COSENZA Per emergere in un mondo così complesso e competitivo, soprattutto in un campo difficile come quello dello spettacolo, c’è bisogno di essere visionari, anticipare e creare i trend senza mai seguirli. Giacomo Triglia, calabrese, è una di quelle menti che ha saputo andare oltre le mode identificandosi in un mondo culturale lontano da alcuni stereotipi e tradizioni ormai superate, che legano la nostra terra a un’immagine eccessivamente decadente. Giacomo è un filmmaker indipendente, regista e sceneggiatore di video musicali, ha all’attivo più di 100 videoclip, ha firmato lavori per artisti come Ligabue, Afterhours, Brunori Sas, Irene Grandi, Francesca Michielin, Zero Assoluto, Francesco Sarcina, Eugenio Finardi e tantissimi altri.

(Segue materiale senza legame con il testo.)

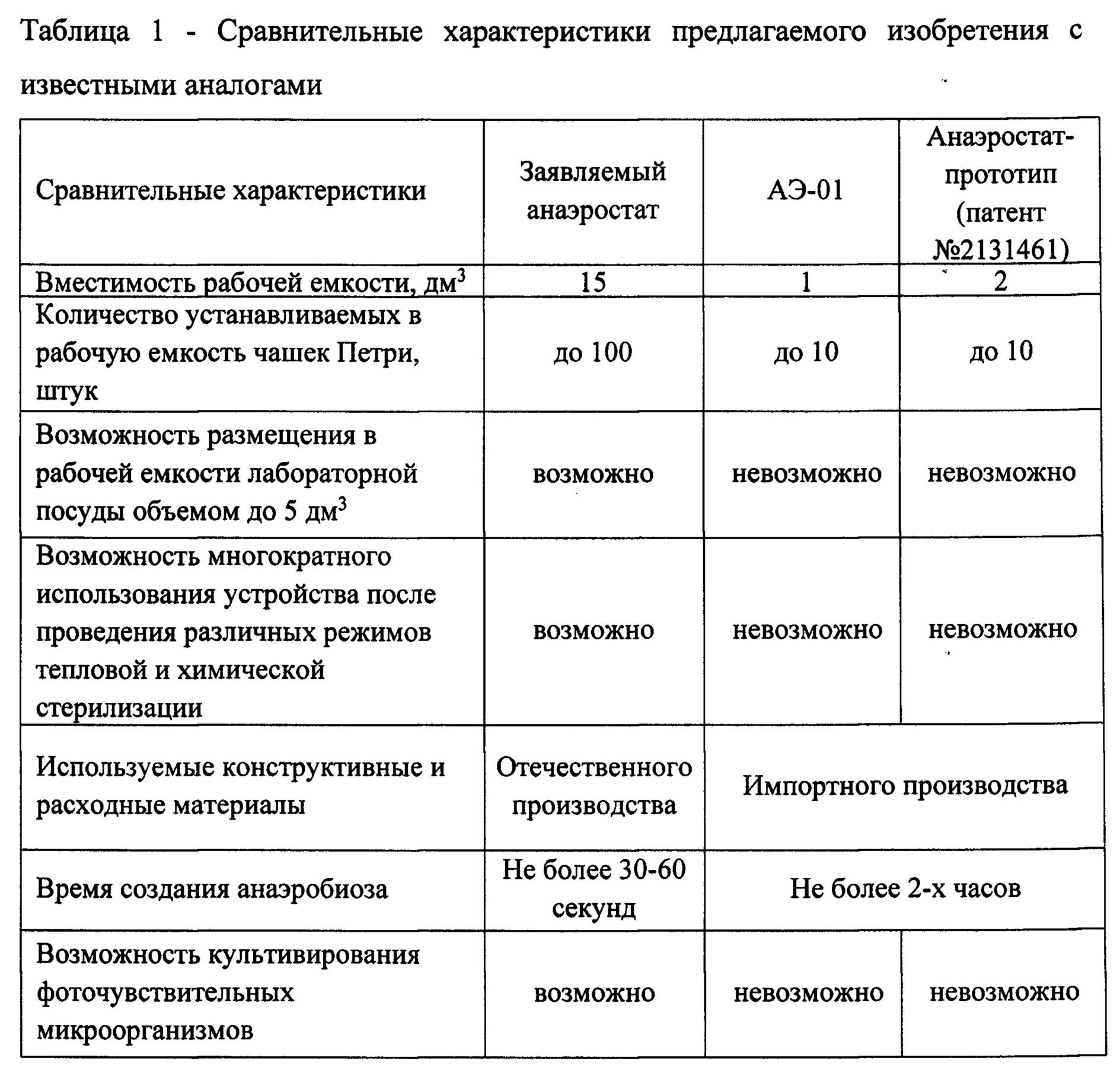 Создание необходимой для культивирования микроорганизмов газовой атмосферы в анаэростате обеспечивается с помощью подсоединенного через тройник газоподающего оборудования. В состав данного оборудования входят: баллоны (10) с необходимыми газами (аргон, углекислый газ и др.), газовые редукторы и манометры. Контроль подачи газов осуществляется при помощи манометров на газовом редукторе (9) (общее давление в баллоне) и манометра (7) на гибкой линии подачи газа (давление подаваемого газа). Подаваемый газ из баллонов проходит через противогазовые коробки ЕО-16(8) с целью его очистки от посторонних примесей. Сравнительные характеристики предлагаемого изобретения с известными аналогами представлены в таблице 1.

Oltre ad essere un regista prevalentemente di video musicali, ha anche lavorato in ambito cinematografico debuttando nel 2004 con il mediometraggio Jørgen Son, nel 2006 realizza il mediometraggio Zettelkastchen Cinema, nel 2008 è autore di una video rubrica in 14 puntate in onda su All Music con protagonisti i deejay Albertino e Giorgio Prezioso e realizza il cortometraggio The Dawn and the Embrace, vincitore del Reggio Filmfest – retrospettiva sul cinema italiano di Minerva Pictures, vincitore del premio video al International Art Prize La Colomba di Venezia, selezione ufficiale all’Arcipelago film festival di Roma e del FishEye International Film & Video Festival all’interno del Festival Internazionale del Film di Roma per citare solo alcune delle sue apparizioni. Vive a Cosenza dove ha fondato il Tycho Creative Studio, un progetto artistico che unisce la produzione video a quella grafica, è stato docente di Digital Video dal 2007 al 2009 presso l’Accademia di Belle Arti di Reggio Calabria e di Video Editing con indirizzo Cinema presso l’Accademia di Belle Arti di Catanzaro nel 2012.
Chi scrive ha avuto la fortuna di conoscere Giacomo un lustro fa in epiche partite di calcetto giocate in improbabili campetti di periferia: lo sport è un’altra delle sue passioni e grande fonte di ispirazione artistica. Dal cinema di Dogma, fino alle scorribande dell'indimenticabile Johan Cruijff sono questi gli elementi visivi e le atmosfere che si possono cogliere in molti dei suoi video in cui permane sempre una certa “nostalgia” di fondo.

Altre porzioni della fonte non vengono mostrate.